There are numerous benefits of EDA:
Limited computer resources are shared over an enormous number of events and handlers that only work if needed and do not waste compute resources for polling
Already existing architectures of FOSS components assume an EDA
Foundation of a micro-service architecture is set-up
In a Linux environment, such architectures find a natural habitat and many FOSS-components are available to support.
The Linux kernel for example, has many interfaces that can be used to be notified of important events. The same is true for startup systems and network attached frameworks such as MQTT.
When looking at these different systems, it becomes clear that each has its own understanding of events, their arguments and the interface used to retrieve and send out events.
elos supports design of EDAs by handling events of any kind with structured and configurable solutions.
Which event is the right start-signal to start the client?
when port is open?
when process is there?
when a specific log line is written?
when process sends a signal?
All these events are valid to be used as a trigger event for the client-start.
But they are challenging to implement and maintain
What happens if the port changes?
What happens if the log isn’t printed any longer?

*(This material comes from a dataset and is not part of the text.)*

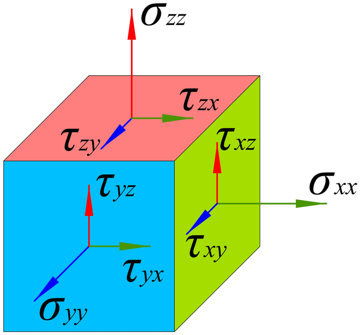 $$ \boldsymbol{\sigma }=\left[ \begin{matrix} \sigma _{11}& \sigma _{12}& \sigma _{13}\\ \sigma _{21}& \sigma _{22}& \sigma _{23}\\ \sigma _{31}& \sigma _{32}& \sigma _{33}\\ \end{matrix} \right] \equiv \left[ \begin{matrix} \sigma _{xx}& \sigma _{xy}& \sigma _{xz}\\ \sigma _{yx}& \sigma _{yy}& \sigma _{yz}\\ \sigma _{zx}& \sigma _{zy}& \sigma _{zz}\\ \end{matrix} \right] \equiv \left[ \begin{matrix} \sigma _x& \tau _{xy}& \tau _{xz}\\ \tau _{yx}& \sigma _y& \tau _{yz}\\ \tau _{zx}& \tau _{zy}& \sigma _z\\ \end{matrix} \right] $$
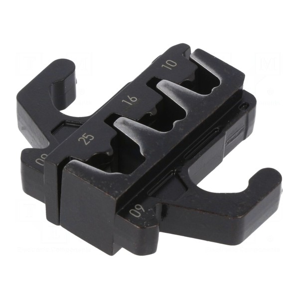 Szczęki do zaciskania przeznaczone są do obróbki końcówek tulejkowych. Element umożliwia pracę z przewodami o przekroju 7mm², 16mm² oraz 25mm², co odpowiada rozmiarom 3AWG, 5AWG oraz 7AWG.

What happens if the handler needs to be extended?
All of the above questions can be answered by writing a script that checks for xyz every 5s and than does zyx but that is neither efficient nor quick, and far from maintainable.
elos approaches this by splitting up and separating event detection, event structure, event distribution, event filtering, event storage and handling.
elos – the event and signal funnel¶
design¶
elos provides a clean separation in the flow of events:
event producer
event distribution and filtering
event receiving and handling
event logging to storage
Events from many different sources are collected by elos or can be provided to elos for verification. elos takes all of these events and funnels them to handlers that are interested in that specific event.
elos takes any line printed to syslog or kernel log as a potential event and is even able to react on ‘silent’ events that only cause a line in a log to be printed with no further activities.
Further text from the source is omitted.